::: Given material
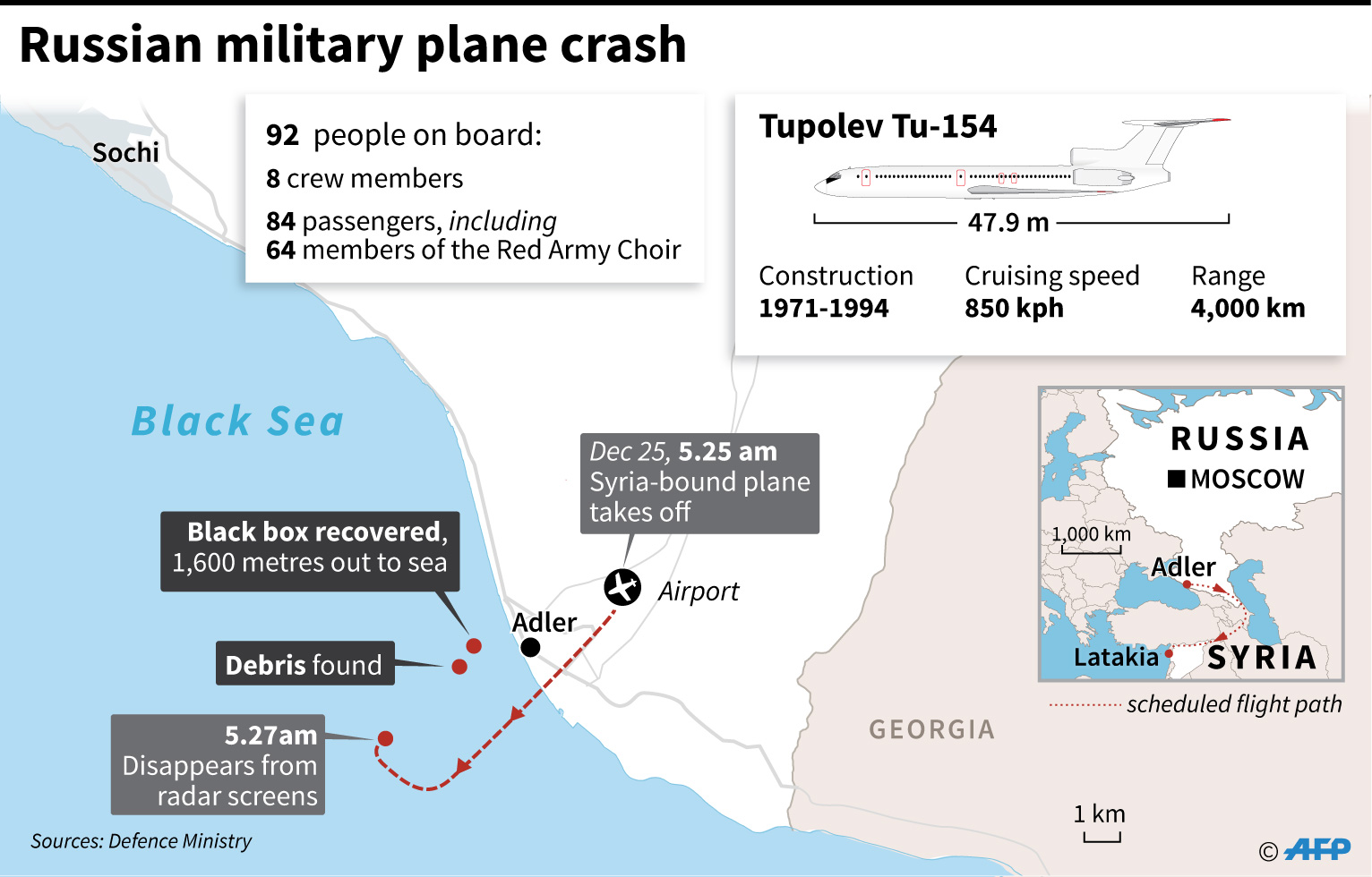 The Tu-154 jet, whose passengers included more than 60 members of the internationally renowned Red Army Choir, was heading to Russia’s military airbase in Syria on Sunday when it went down off the coast of Sochi shortly after take-off.
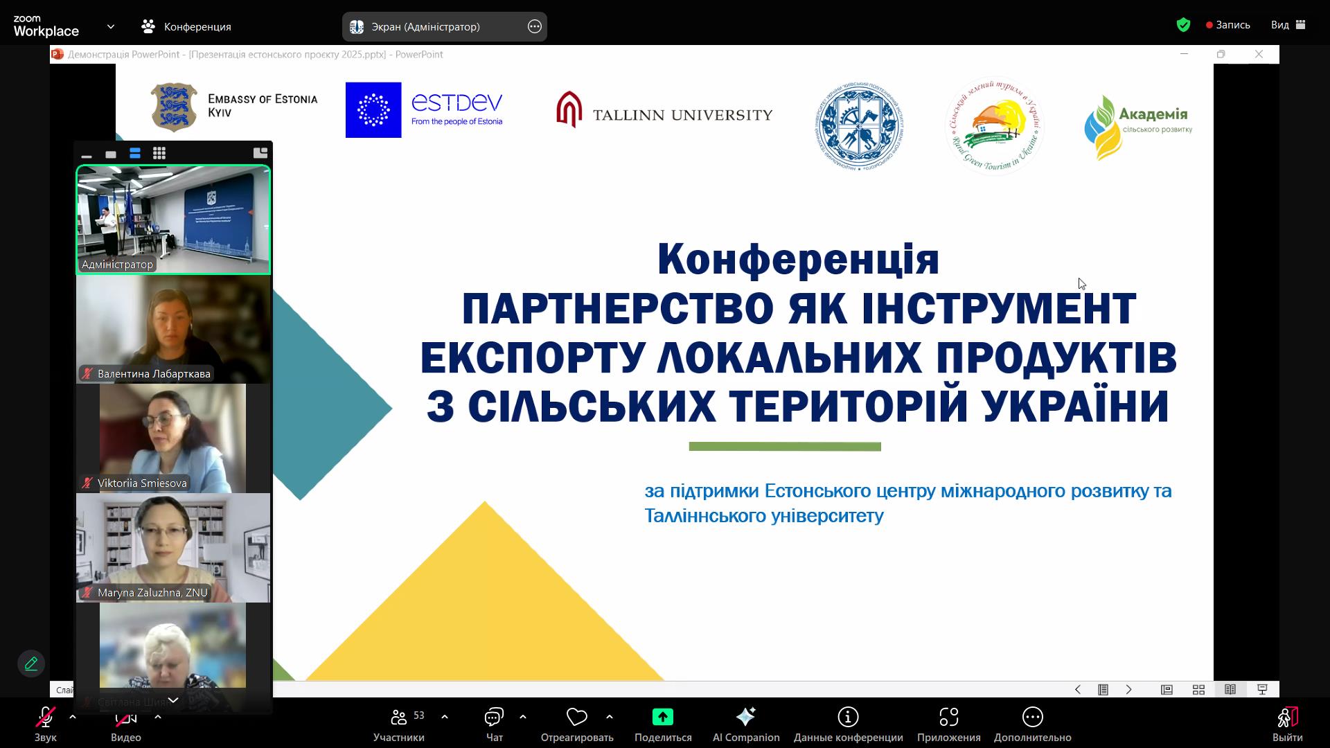28 квітня 2025 року науково-педагогічні працівники кафедри туризму та готельно-ресторанної справи взяли участь у конференції «Партнерство як інструмент експорту локальних продуктів з сільських територій України», яка відбулася за підсумками виконання міжнародного проєкту «Створення культури партнерства та розвиток спільних місцевих продуктів для підвищення експортної спроможності малого бізнесу на прифронтових та прикордонних сільських територіях» за фінансової підтримки Естонського центру міжнародного розвитку.
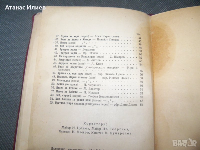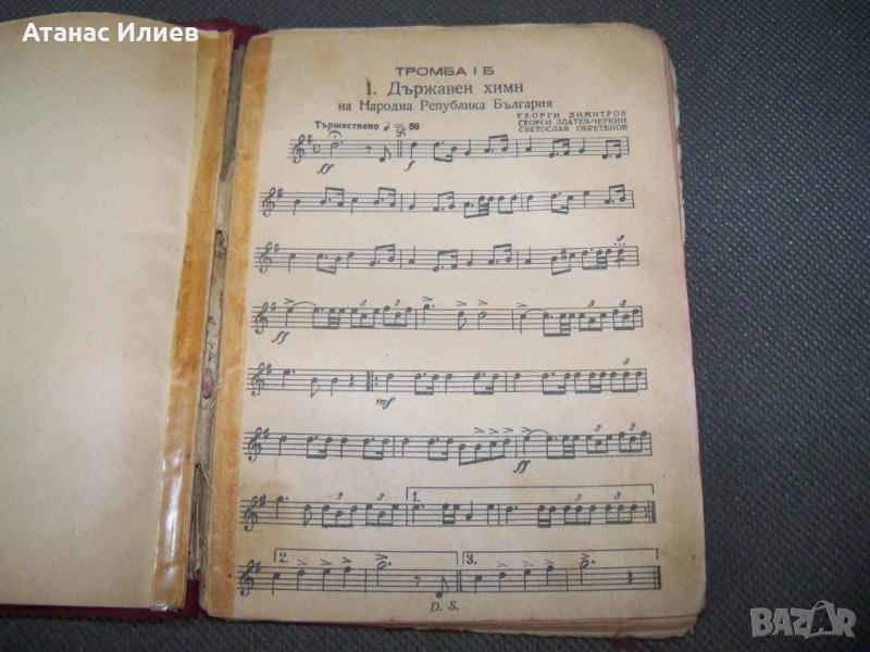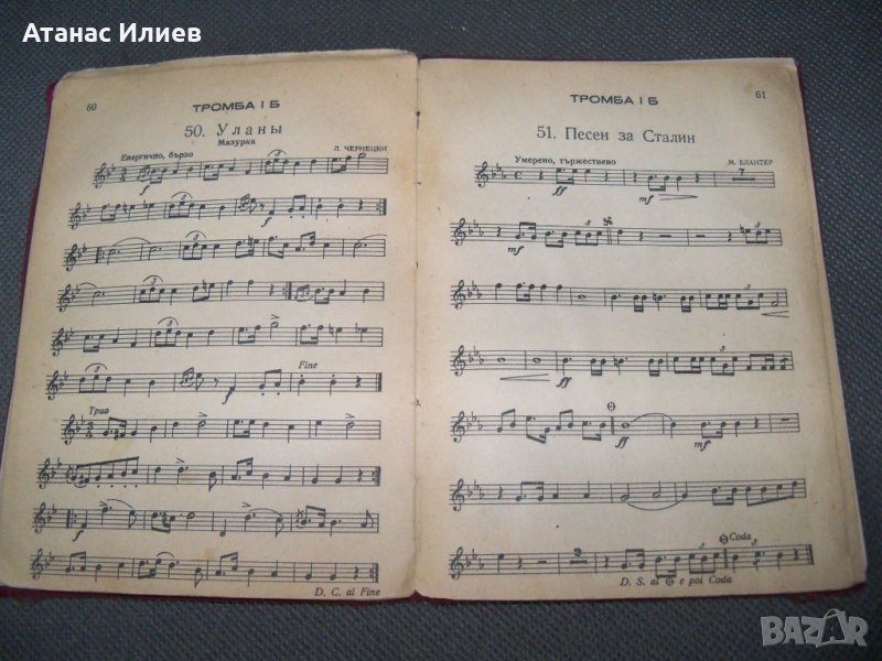 "Служебно строеви репертуар на духовите оркестри на народната войска - тромба 1 Б". Книжката е издадена през 1951г. от Министерство на народната отбрана. Подвързана е с твърди корици, 64 стр. няма липсващи страници.
::::::
◆ What you have to do
Transcribe each line above verbatim, with the pictures left out.

◆ Solution to this problem
 The Tu-154 jet, whose passengers included more than 60 members of the internationally renowned Red Army Choir, was heading to Russia’s military airbase in Syria on Sunday when it went down off the coast of Sochi shortly after take-off.
28 квітня 2025 року науково-педагогічні працівники кафедри туризму та готельно-ресторанної справи взяли участь у конференції «Партнерство як інструмент експорту локальних продуктів з сільських територій України», яка відбулася за підсумками виконання міжнародного проєкту «Створення культури партнерства та розвиток спільних місцевих продуктів для підвищення експортної спроможності малого бізнесу на прифронтових та прикордонних сільських територіях» за фінансової підтримки Естонського центру міжнародного розвитку.
 "Служебно строеви репертуар на духовите оркестри на народната войска - тромба 1 Б". Книжката е издадена през 1951г. от Министерство на народната отбрана. Подвързана е с твърди корици, 64 стр. няма липсващи страници.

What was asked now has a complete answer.